◆ Your objective: This task asks for the lines from the one with "6月12日,四川省綿陽市中考" to the final line below, repeated exactly, with pictures omitted.

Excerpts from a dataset

--

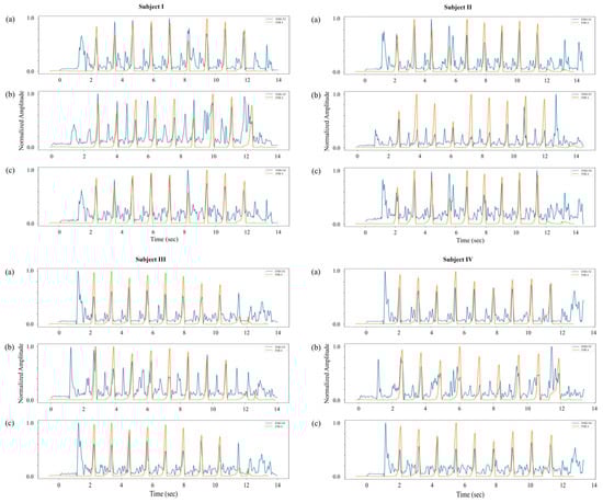 Comparison of representative normalized EMG envelopes (blue) with interpolated FSR channel 4 (toe region) outputs (orange) for subjects I–IV: (a) EMG sensor 2 positioned over the FL; (b) EMG sensor 3 over the SOL; (c) EMG sensor 4 over the GA muscle.
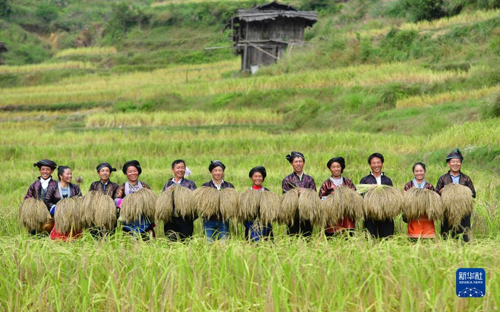 在广西融水苗族自治县良寨乡大里村,村民们展示刚刚收割的脱贫特色产品——紫黑香糯(2018年10月12日摄)。(新华社记者 黄孝邦 摄)
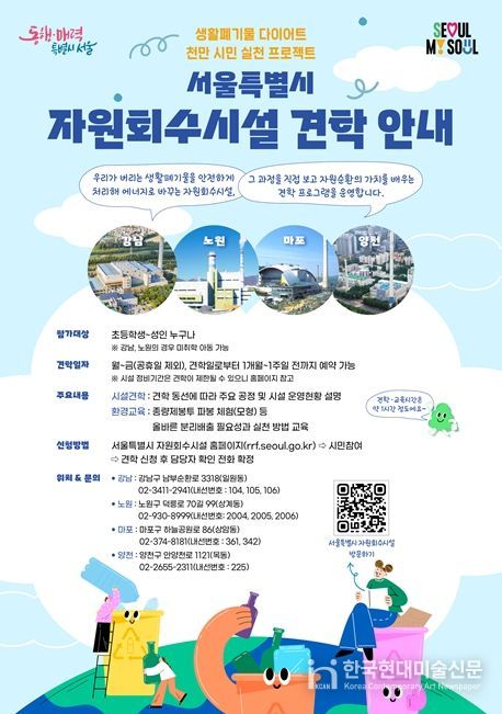 한국현대미술신문 배건 기자 | 서울시는 3월 23일부터 4개 강남·노원·마포·양천 등 4개 자원회수시설 견학 프로그램에 ‘종량제봉투 파봉 체험 프로그램’을 새롭게 도입한다.
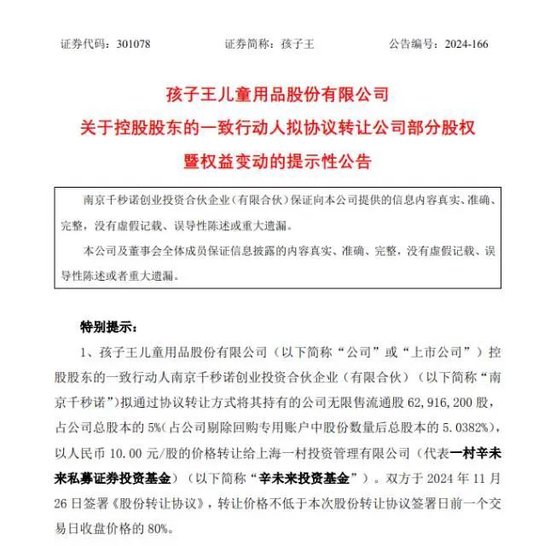 11月26日晚间,孩子王发布公告称,公司控股股东的一致行动人南京千秒诺创业投资合伙企业(有限合伙)(以下简称“南京千秒诺”)拟通过协议转让公司部分股权。
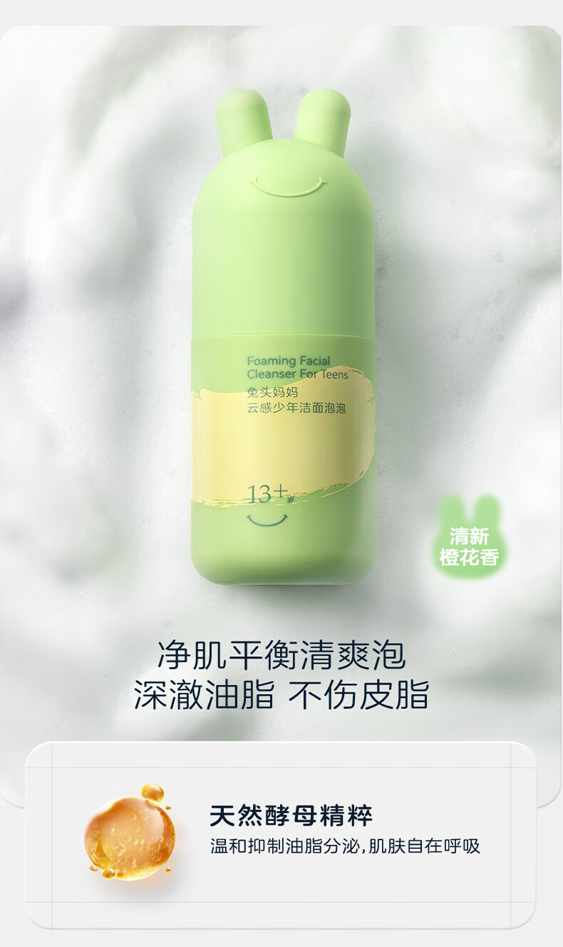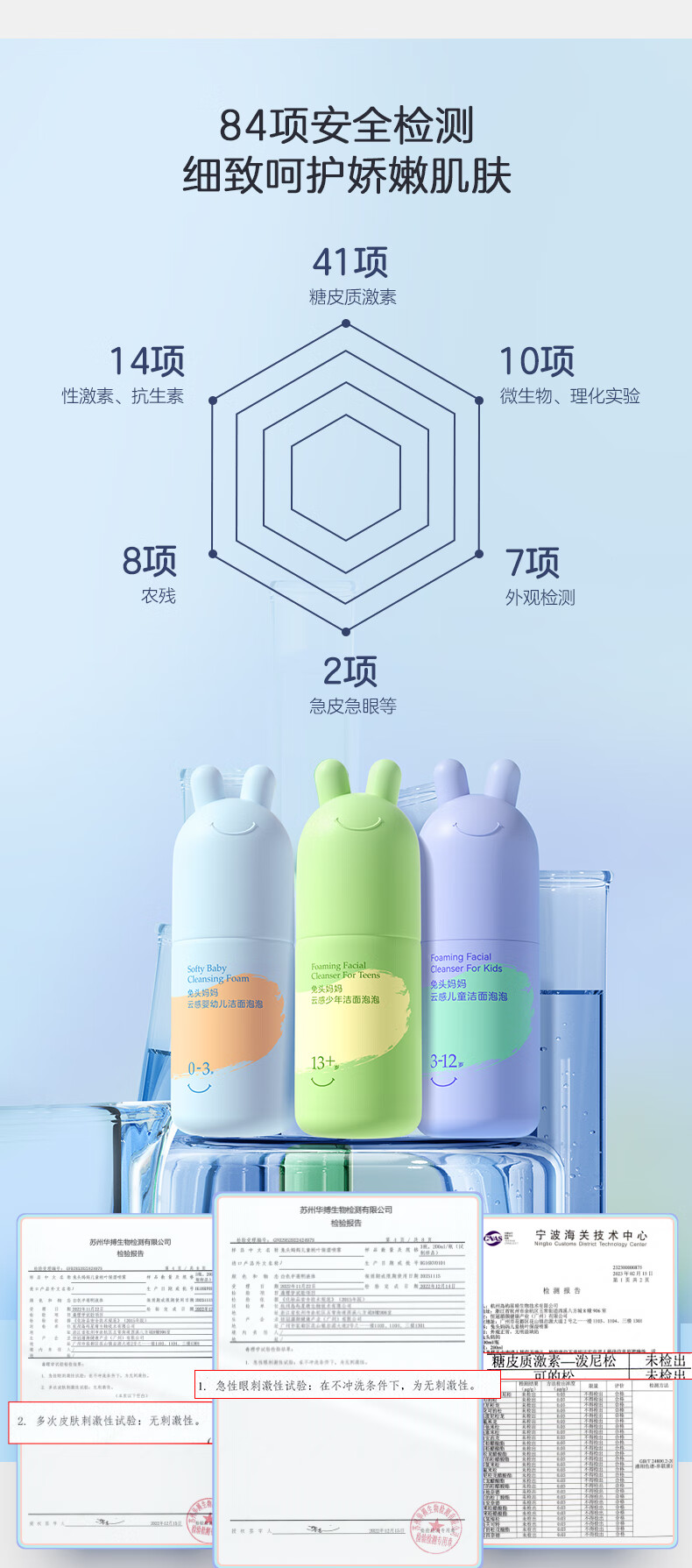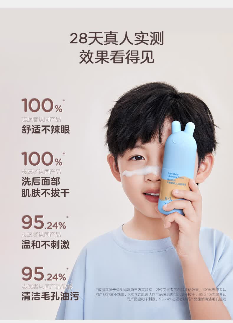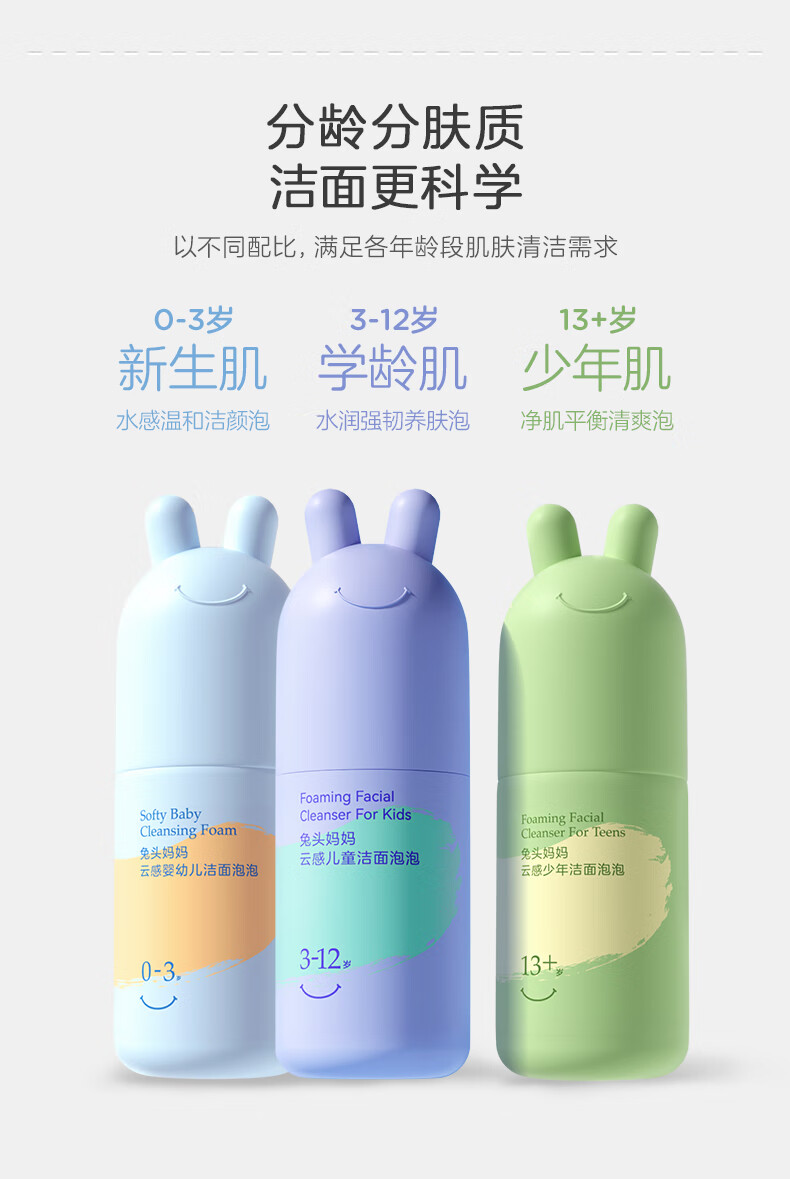 兔头妈妈儿童洗面奶 宝宝洁面乳洁面泡 护肤清洁洗脸舒缓卸防晒0-3岁90ml
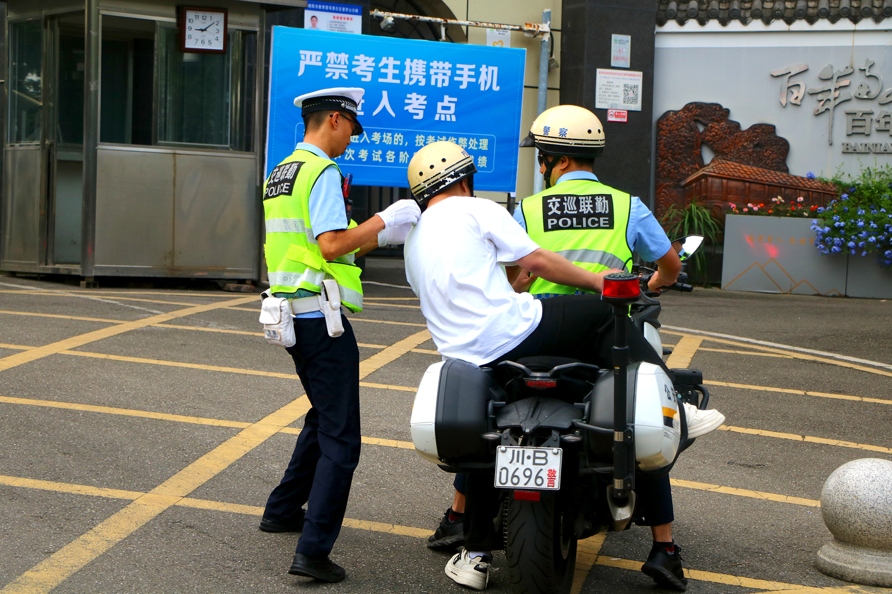 6月12日,四川省綿陽市中考南山中學考點,執(zhí)勤的綿陽市公安局交警支隊直屬一大隊民警接到帶隊老師求助,一位考生不慎將準考證遺落在學校。民警立即騎上警摩帶考生往返二十多公里,順利取回準考證。
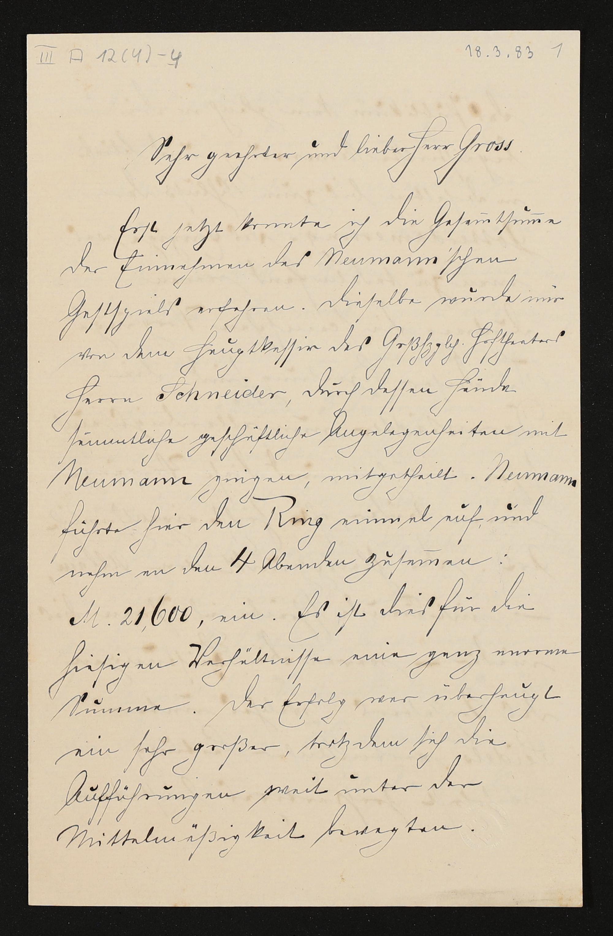 eigenhändiger Brief von Fritz Brandt an Adolf von Gross

--

◆ Worked solution:
 6月12日,四川省綿陽市中考南山中學考點,執(zhí)勤的綿陽市公安局交警支隊直屬一大隊民警接到帶隊老師求助,一位考生不慎將準考證遺落在學校。民警立即騎上警摩帶考生往返二十多公里,順利取回準考證。
 eigenhändiger Brief von Fritz Brandt an Adolf von Gross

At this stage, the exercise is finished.